### Data shown:
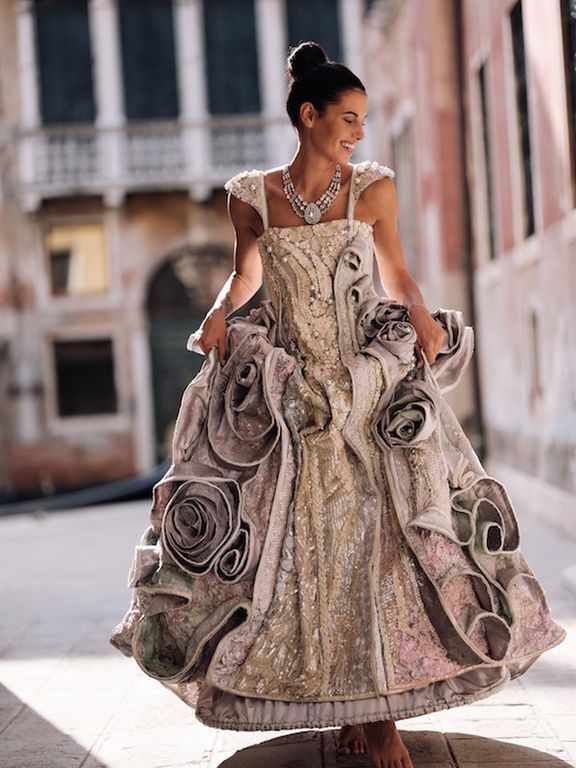 Qui la “mise” è glamour, color rosso, protagonista di un’atmosfera dal sapore d’antan. Immancabile, poi, è lo scorcio iconico della città lagunare, con gondole e gondolieri, e la miss che sfoggia per il mese del Carnevale l’“Allegoria di Venezia”, un prezioso abito scultura di Antonia Sautter.
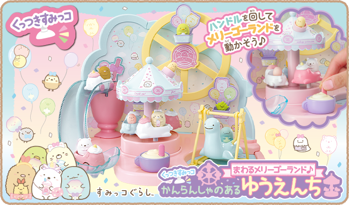 すみっコたちがゆらゆらぐるぐる♪|くっつきすみっコ まわるメリーゴーランド♪ かんらんしゃのあるゆうえんち
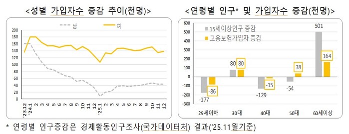 12월 말 기준 고용보험 상시가입자는 1549만 3000명으로 전년도 같은 달보다 18만 2000명(1.2%) 증가했다. 이는 2024년 12월에 전년 대비 16만 명(1.1%) 증가한 것보다 소폭 늘어난 수치다. 천경기 노동부 미래고용분석과장은 "15∼64세 인구 감소의 영향"이라며 "65세 이상은 고용보험에 신규 가입할 수 없으니 고령화에 따른 현상으로 볼 수 있다"고 설명했다.
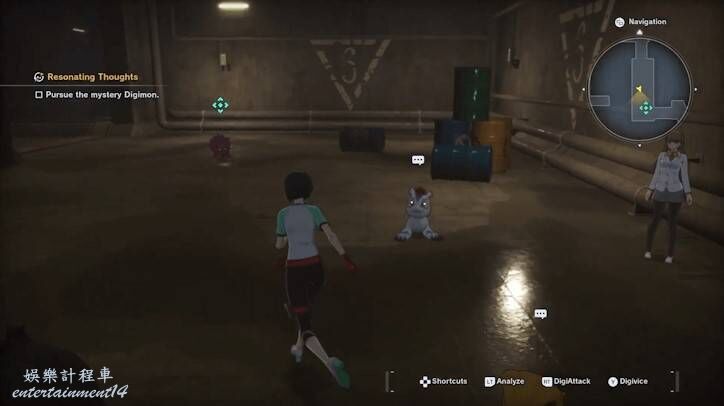 4、繼續跟隨神秘數碼寶貝,直到系統提示您使用附近的面板來阻擋其逃生路線。之後,繼續追擊,直到到達下一個區域。
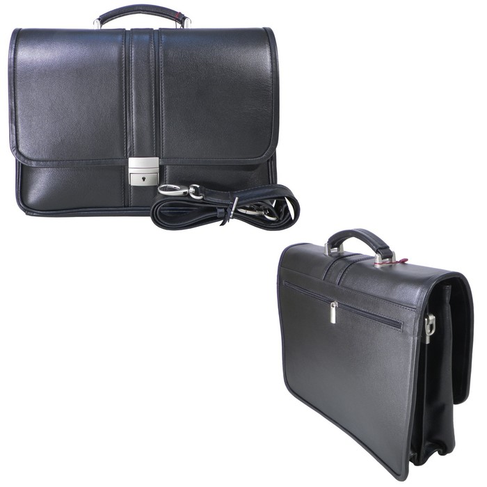 Портфель мужской на клапане, (ка33043-71), 2 отделения, натуральная кожа, цвет чёрный
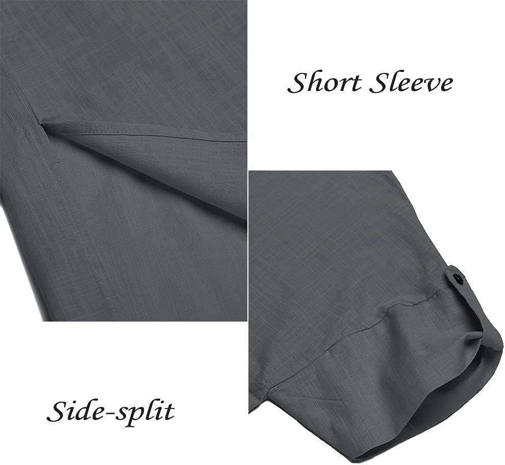 COOFANDY Men’s V-Neck Linen Robe Short Sleeve Kaftan Thobe Long Gown Casual Shirt for Beach, Summer(Dark Grey)
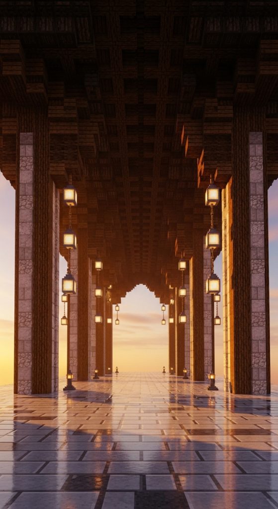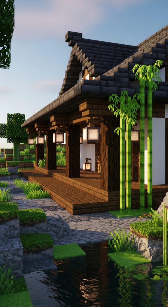 This design pairs beautifully with bamboo, dark oak, and white concrete walls. It’s ideal for zen gardens or peaceful survival builds.
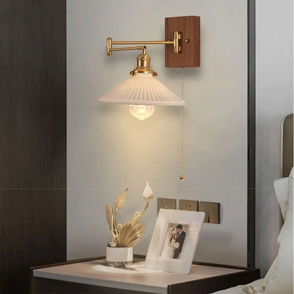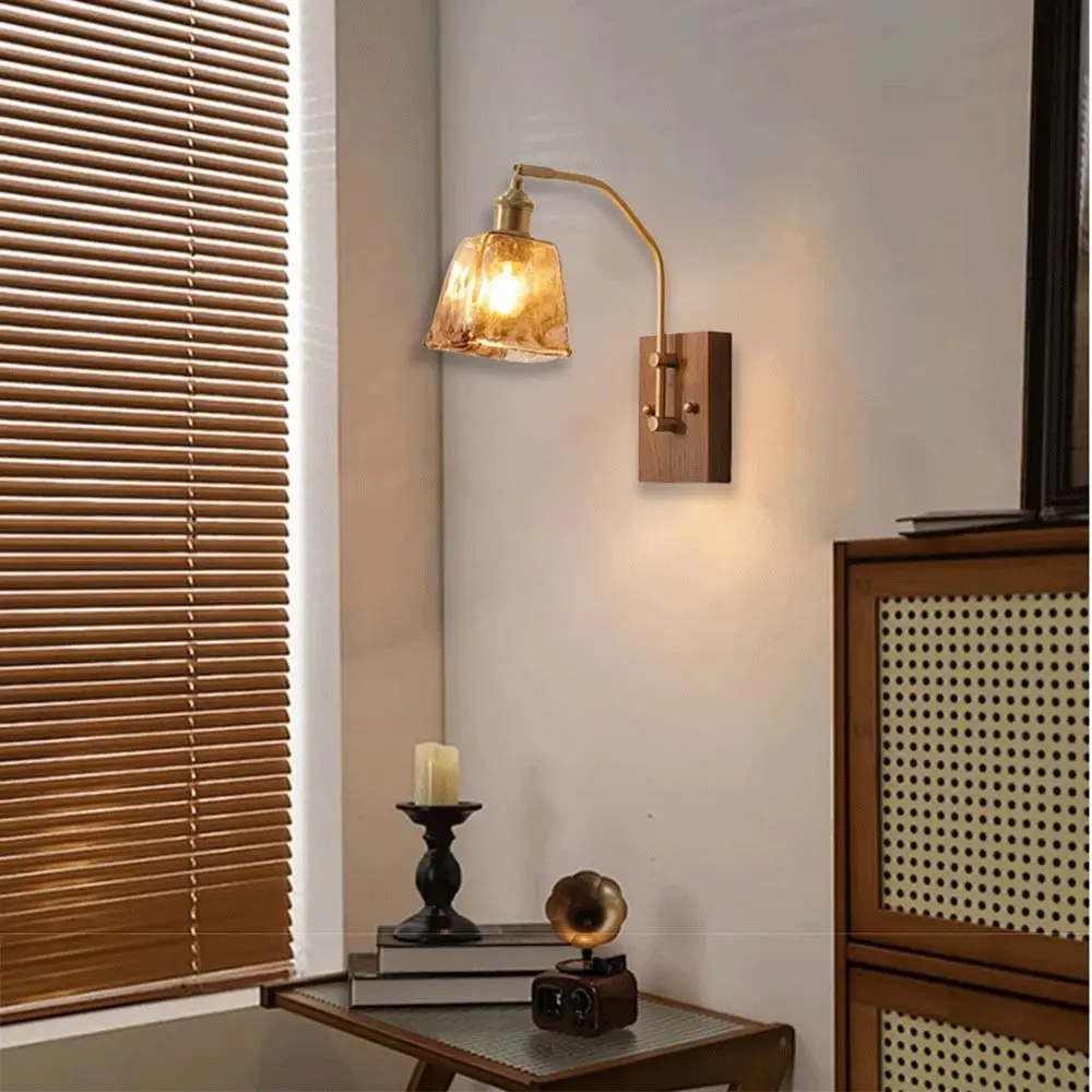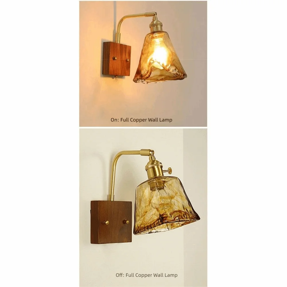 Modern Luxury Retro Wooden Wall Lamp Vintage Walnut Nordic Glass Wall Sconce Atm
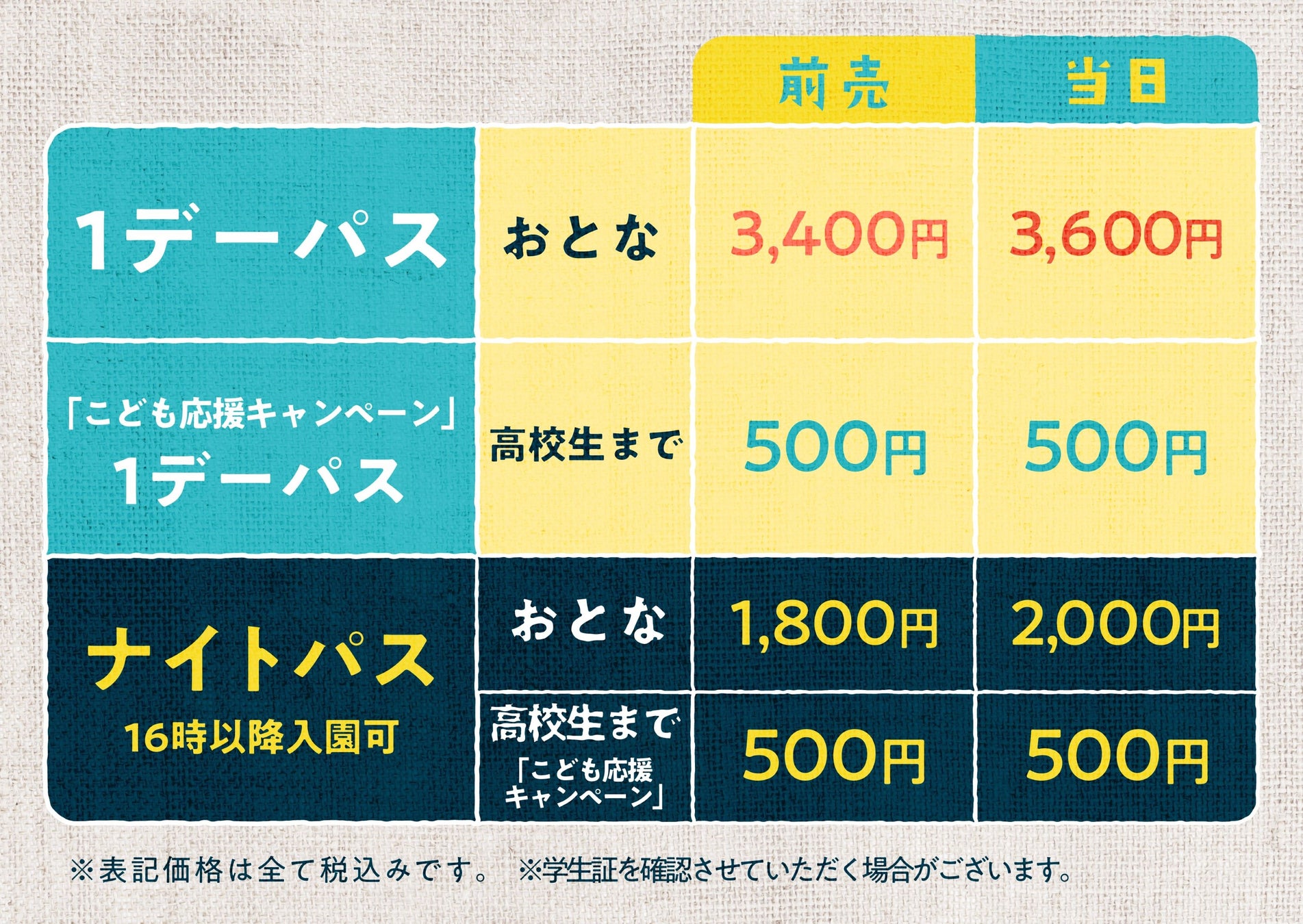 ・ナイトパス:16:00~閉園1時間前まで

### About this task:
If a line comes after the line with "COOFANDY Men’s V-Neck", it stays out; print exactly every line from the start of the entries up to and including that line, but no pictures.

### Your solution:
 Qui la “mise” è glamour, color rosso, protagonista di un’atmosfera dal sapore d’antan. Immancabile, poi, è lo scorcio iconico della città lagunare, con gondole e gondolieri, e la miss che sfoggia per il mese del Carnevale l’“Allegoria di Venezia”, un prezioso abito scultura di Antonia Sautter.
 すみっコたちがゆらゆらぐるぐる♪|くっつきすみっコ まわるメリーゴーランド♪ かんらんしゃのあるゆうえんち
 12월 말 기준 고용보험 상시가입자는 1549만 3000명으로 전년도 같은 달보다 18만 2000명(1.2%) 증가했다. 이는 2024년 12월에 전년 대비 16만 명(1.1%) 증가한 것보다 소폭 늘어난 수치다. 천경기 노동부 미래고용분석과장은 "15∼64세 인구 감소의 영향"이라며 "65세 이상은 고용보험에 신규 가입할 수 없으니 고령화에 따른 현상으로 볼 수 있다"고 설명했다.
 4、繼續跟隨神秘數碼寶貝,直到系統提示您使用附近的面板來阻擋其逃生路線。之後,繼續追擊,直到到達下一個區域。
 Портфель мужской на клапане, (ка33043-71), 2 отделения, натуральная кожа, цвет чёрный
 COOFANDY Men’s V-Neck Linen Robe Short Sleeve Kaftan Thobe Long Gown Casual Shirt for Beach, Summer(Dark Grey)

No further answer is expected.